А в прошлом месяце — когда я в сотый раз разбирал ящик стола с тетрадкой откатов, — у меня защемило в груди мысль: у купца первой гильдии должно быть место — тайное, не в ящике стола (стол — служебное, формальное), а именно личное, интимное, — где он держит то, о чём не знает никто. И я вспомнил про шкатулку. Пошёл, достал, открыл, вынул ленты и письма — и начал прощупывать дно. Через три минуты — нашёл. Двойное дно, с тонкой деревянной пластинкой, которая вынималась, если сдвинуть маленький штырь под нижней полоской. Классический тайник купеческой работы — у меня в Нижнеярске в одном антикварном салоне я видел точно такие же.
Под двойным дном — у Стрешнева лежала одна-единственная бумага: записка женским почерком, на три строчки, без подписи, без даты. «Павлуша, я не могу так больше. Если ты ко мне не приедешь до Покрова — я не знаю, что буду делать». И — маленькая засушенная веточка вереска, прижатая к бумаге.
Я эту записку — перечитал тогда, в мае, и убрал обратно. Это было — чьё-то горе. Не моё. Может, Катеньки, а может, другой женщины, о которой я не знал. Я не имел права ни выбрасывать её, ни читать больше одного раза.
Но место под запиской — оставалось пустым. И сегодня — тридцатого июня, в ночь на первое июля, в самую короткую летнюю ночь, когда за окном даже темнота была — не настоящей, а — сиреневой, — я положу туда своё.

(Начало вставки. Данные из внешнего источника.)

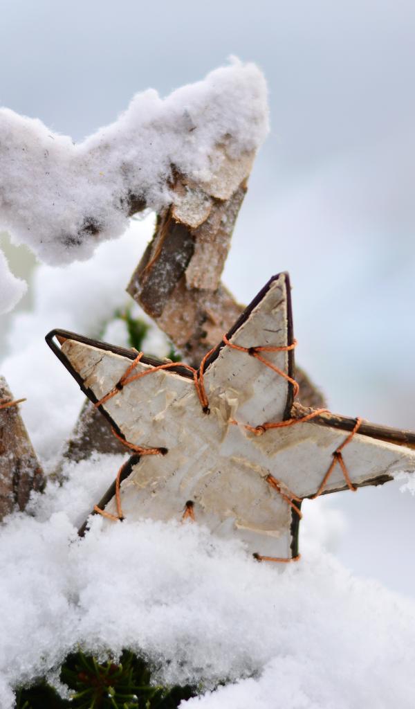 Wallpaper Wooden stars lie in the snow

Я достал шкатулку. Поставил на стол. Открыл. Вынул ленты и письма покойной Елизаветы — осторожно, стараясь не повредить. Положил на чистый лист бумаги рядом. Сдвинул штырь под нижней полоской. Вынул деревянную пластинку. Под ней — записка с вереском. Я её не тронул.
Рядом — положу свою.
Я взял чистый лист. Свежий. Тот самый, что специально купил сегодня у Морозкина — лист плотной белой бумаги, хорошего качества, на котором чернила не расплывались и не выцветали. Разгладил его ладонью. Обмакнул перо в чернильницу.
И — начал писать.
Медленно. Каждое слово — обдумывая. Не как городской голова пишет отчёт, а как узник пишет письмо, которое может быть его последним.
Я, Алексей Дмитриевич Ракитин, одна тысяча девятьсот восемьдесят шестого года рождения, уроженец и житель города Нижнеярска, Российской Федерации, пишу это в здравом уме и твёрдой памяти, тридцатого июня тысяча восемьсот восемьдесят первого года по старому стилю, в городе Бережанске Казанской губернии Российской империи.